[DATASET RECORDS]

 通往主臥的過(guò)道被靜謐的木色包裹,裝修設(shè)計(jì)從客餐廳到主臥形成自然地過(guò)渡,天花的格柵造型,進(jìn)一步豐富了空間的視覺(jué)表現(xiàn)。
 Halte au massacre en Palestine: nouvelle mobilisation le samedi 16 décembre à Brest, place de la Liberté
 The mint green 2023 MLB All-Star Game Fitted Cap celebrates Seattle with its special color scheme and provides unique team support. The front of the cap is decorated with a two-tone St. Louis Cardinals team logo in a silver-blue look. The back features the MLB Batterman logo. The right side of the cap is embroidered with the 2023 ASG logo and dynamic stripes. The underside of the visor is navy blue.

[/DATASET RECORDS]
[DATASET RECORDS]

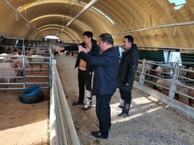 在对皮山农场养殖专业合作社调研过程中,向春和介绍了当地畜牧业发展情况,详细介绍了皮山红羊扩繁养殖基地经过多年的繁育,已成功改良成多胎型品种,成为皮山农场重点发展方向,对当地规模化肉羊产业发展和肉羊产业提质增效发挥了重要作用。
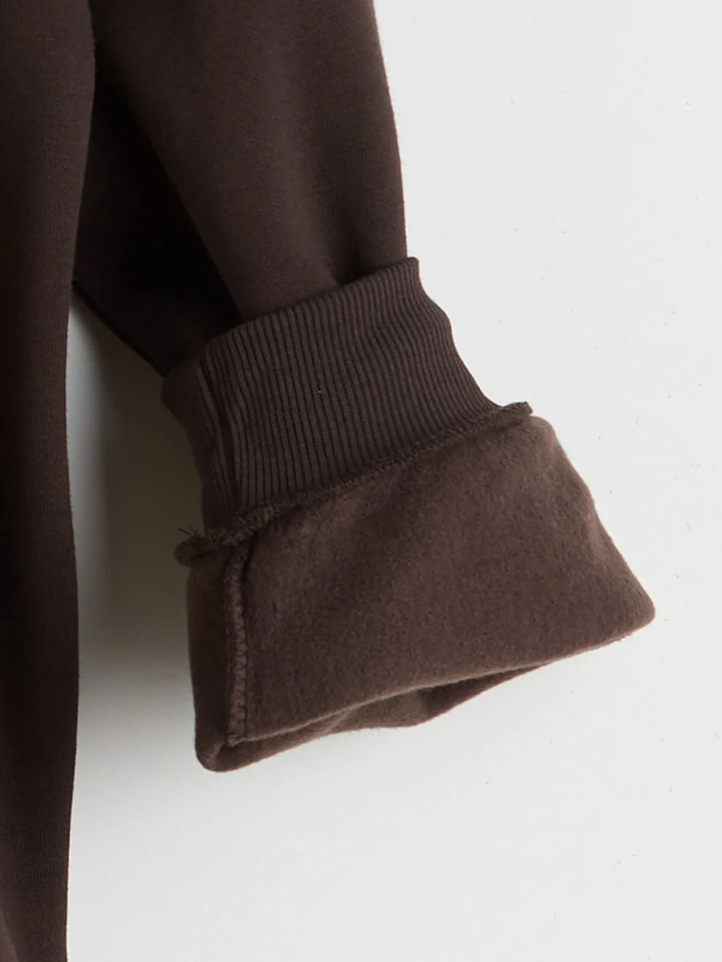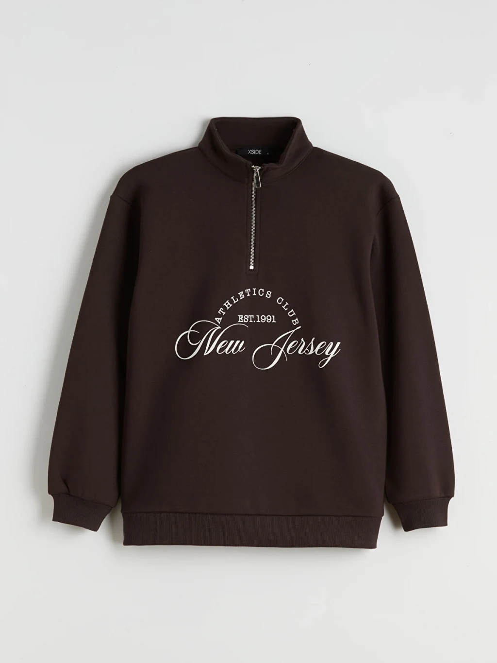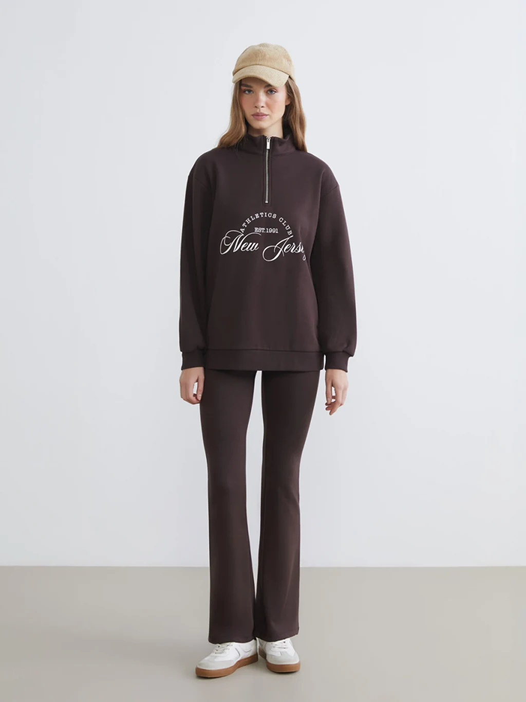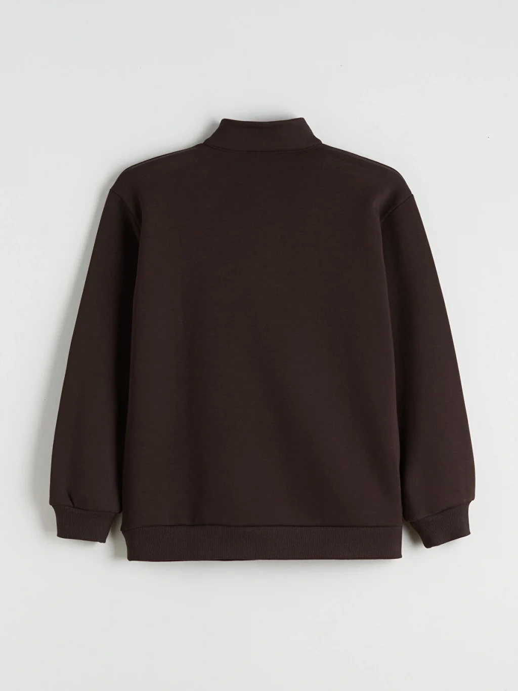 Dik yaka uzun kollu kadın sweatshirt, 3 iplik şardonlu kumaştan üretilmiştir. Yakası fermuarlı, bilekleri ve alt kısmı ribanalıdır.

[/DATASET RECORDS]

__WHAT THE TASK ASKS__:
Leave out every line above except those from the line with "Halte au massacre" up to and including the line with "The mint green", and copy those exactly.

__RESPONSE FOR THIS EXERCISE__:
 Halte au massacre en Palestine: nouvelle mobilisation le samedi 16 décembre à Brest, place de la Liberté
 The mint green 2023 MLB All-Star Game Fitted Cap celebrates Seattle with its special color scheme and provides unique team support. The front of the cap is decorated with a two-tone St. Louis Cardinals team logo in a silver-blue look. The back features the MLB Batterman logo. The right side of the cap is embroidered with the 2023 ASG logo and dynamic stripes. The underside of the visor is navy blue.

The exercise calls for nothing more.